··· EXTRACTED RECORDS

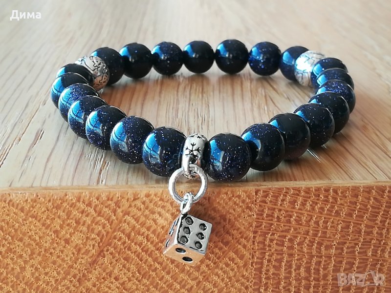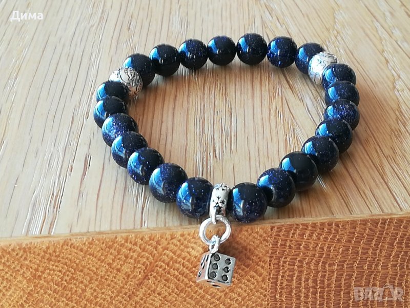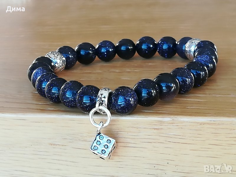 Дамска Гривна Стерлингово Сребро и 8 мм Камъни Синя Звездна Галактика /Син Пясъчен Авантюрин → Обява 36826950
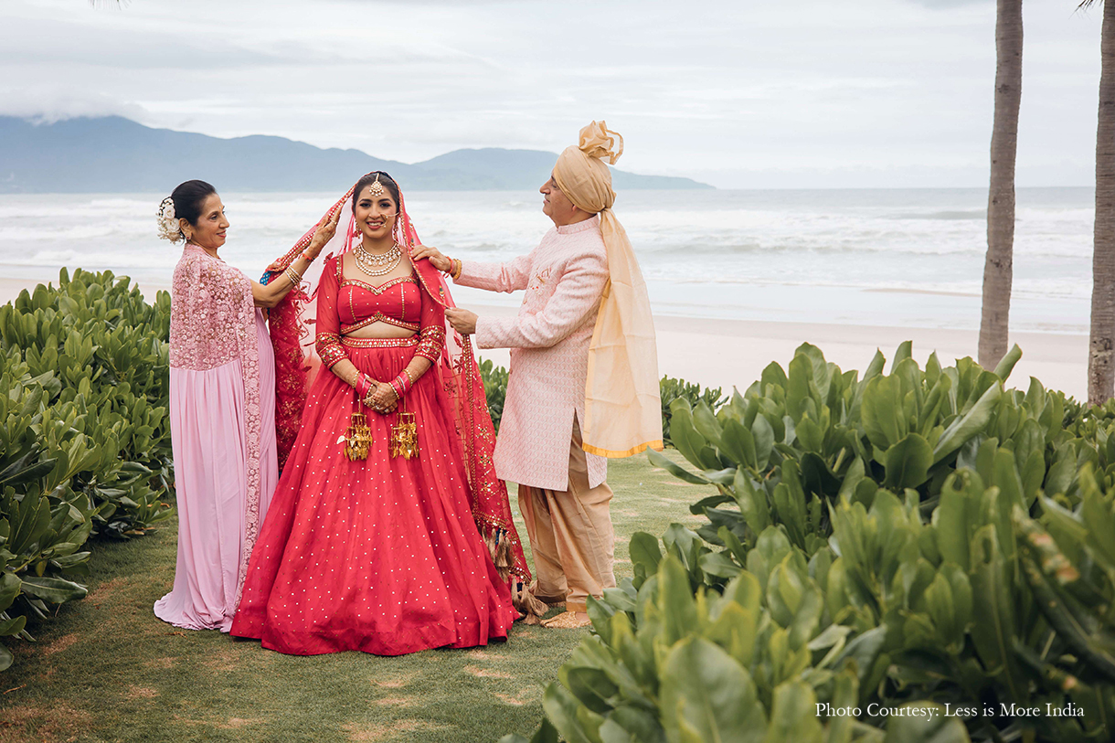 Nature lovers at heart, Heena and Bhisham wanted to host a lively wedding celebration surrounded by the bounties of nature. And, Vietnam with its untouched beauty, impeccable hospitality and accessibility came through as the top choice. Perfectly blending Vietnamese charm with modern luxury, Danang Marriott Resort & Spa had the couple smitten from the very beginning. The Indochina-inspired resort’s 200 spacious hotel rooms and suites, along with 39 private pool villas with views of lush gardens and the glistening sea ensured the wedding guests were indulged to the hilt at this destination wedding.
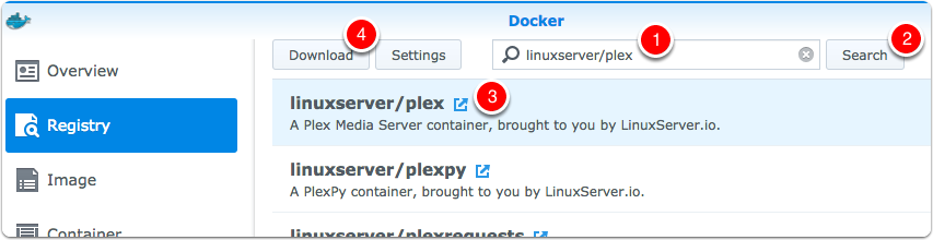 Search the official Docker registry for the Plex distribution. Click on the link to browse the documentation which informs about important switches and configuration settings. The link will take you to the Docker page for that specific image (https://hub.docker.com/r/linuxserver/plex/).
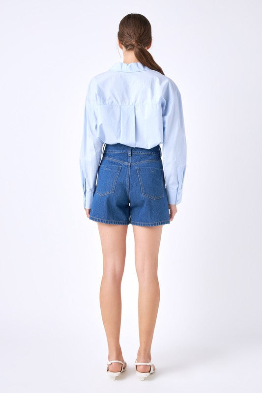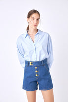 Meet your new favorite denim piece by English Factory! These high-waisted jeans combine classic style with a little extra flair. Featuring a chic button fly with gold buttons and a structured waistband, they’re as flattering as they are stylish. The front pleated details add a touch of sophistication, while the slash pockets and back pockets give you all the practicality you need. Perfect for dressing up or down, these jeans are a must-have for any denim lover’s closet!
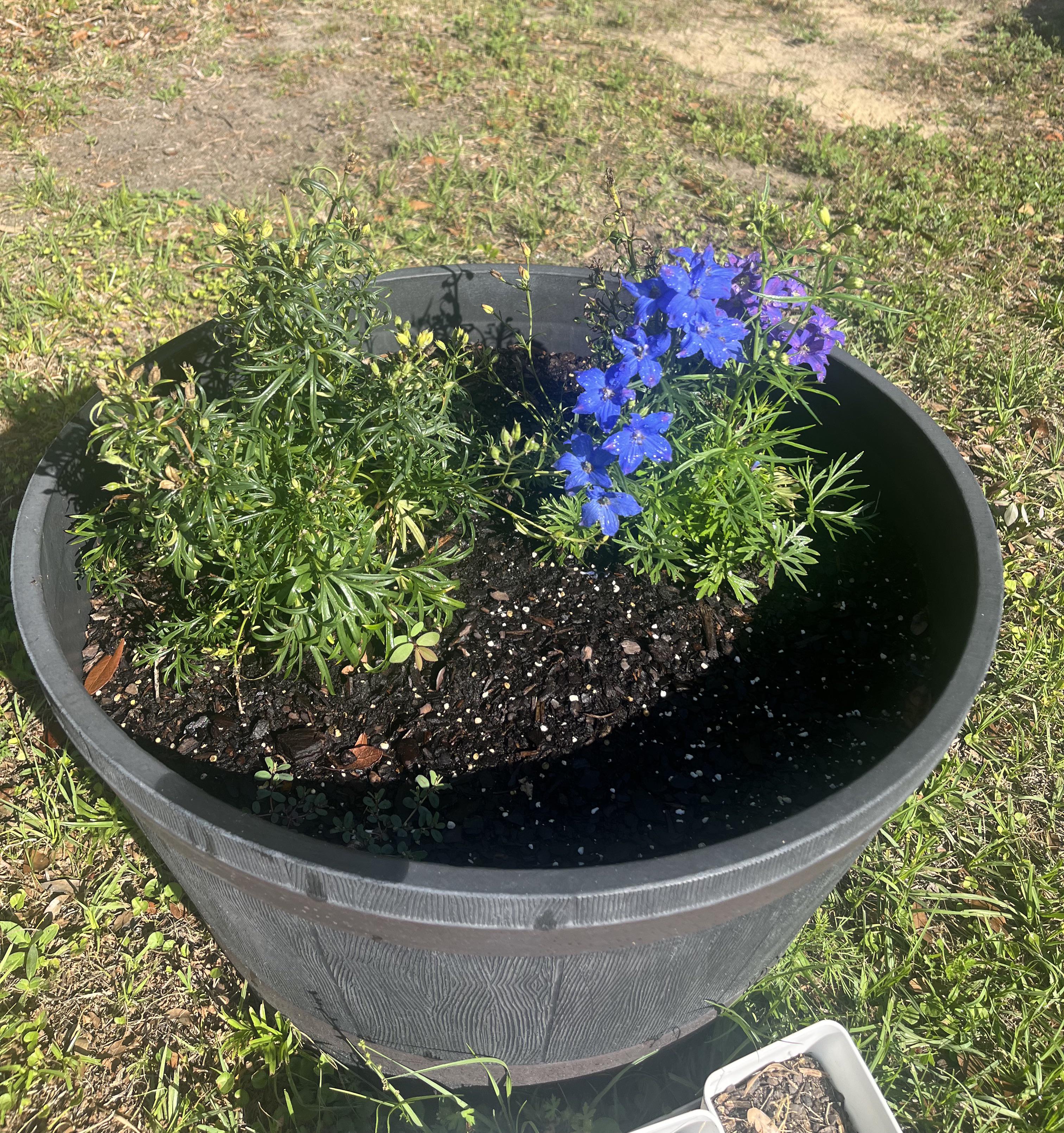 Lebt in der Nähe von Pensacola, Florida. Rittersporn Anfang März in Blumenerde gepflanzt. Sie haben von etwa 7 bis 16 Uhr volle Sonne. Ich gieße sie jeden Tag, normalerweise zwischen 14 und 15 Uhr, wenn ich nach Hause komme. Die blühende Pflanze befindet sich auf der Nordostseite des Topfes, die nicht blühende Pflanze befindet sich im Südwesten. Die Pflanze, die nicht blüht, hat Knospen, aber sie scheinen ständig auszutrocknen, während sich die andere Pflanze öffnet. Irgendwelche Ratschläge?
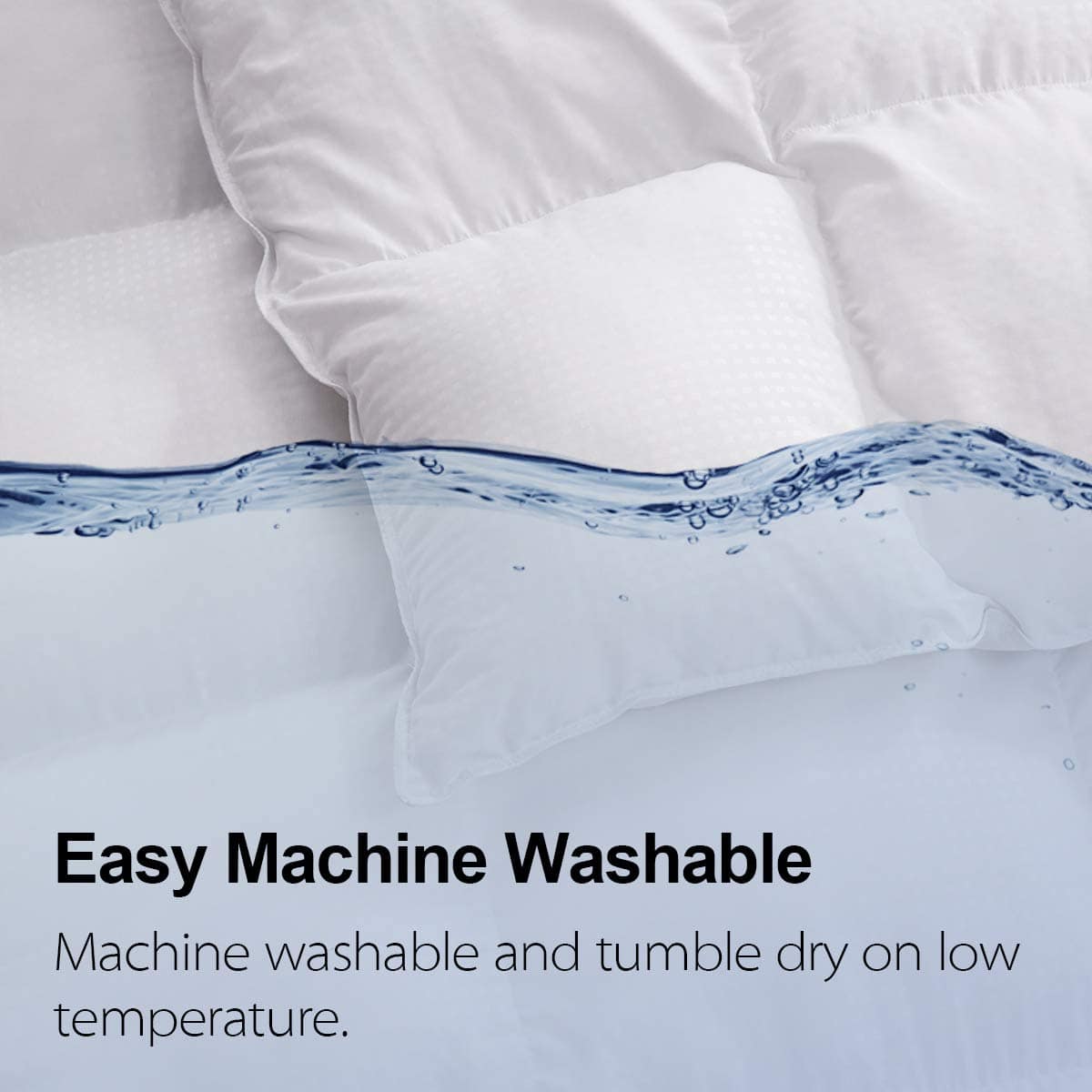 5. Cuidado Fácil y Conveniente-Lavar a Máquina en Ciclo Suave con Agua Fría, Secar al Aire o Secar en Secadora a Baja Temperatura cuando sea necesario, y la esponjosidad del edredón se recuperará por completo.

······

EXERCISE OBJECTIVE: Copy the lines exactly. Start at the line with "Meet your new", end at the last line above, include both, and omit all pictures.

RESPONSE TO THE EXERCISE:
 Meet your new favorite denim piece by English Factory! These high-waisted jeans combine classic style with a little extra flair. Featuring a chic button fly with gold buttons and a structured waistband, they’re as flattering as they are stylish. The front pleated details add a touch of sophistication, while the slash pockets and back pockets give you all the practicality you need. Perfect for dressing up or down, these jeans are a must-have for any denim lover’s closet!
 Lebt in der Nähe von Pensacola, Florida. Rittersporn Anfang März in Blumenerde gepflanzt. Sie haben von etwa 7 bis 16 Uhr volle Sonne. Ich gieße sie jeden Tag, normalerweise zwischen 14 und 15 Uhr, wenn ich nach Hause komme. Die blühende Pflanze befindet sich auf der Nordostseite des Topfes, die nicht blühende Pflanze befindet sich im Südwesten. Die Pflanze, die nicht blüht, hat Knospen, aber sie scheinen ständig auszutrocknen, während sich die andere Pflanze öffnet. Irgendwelche Ratschläge?
 5. Cuidado Fácil y Conveniente-Lavar a Máquina en Ciclo Suave con Agua Fría, Secar al Aire o Secar en Secadora a Baja Temperatura cuando sea necesario, y la esponjosidad del edredón se recuperará por completo.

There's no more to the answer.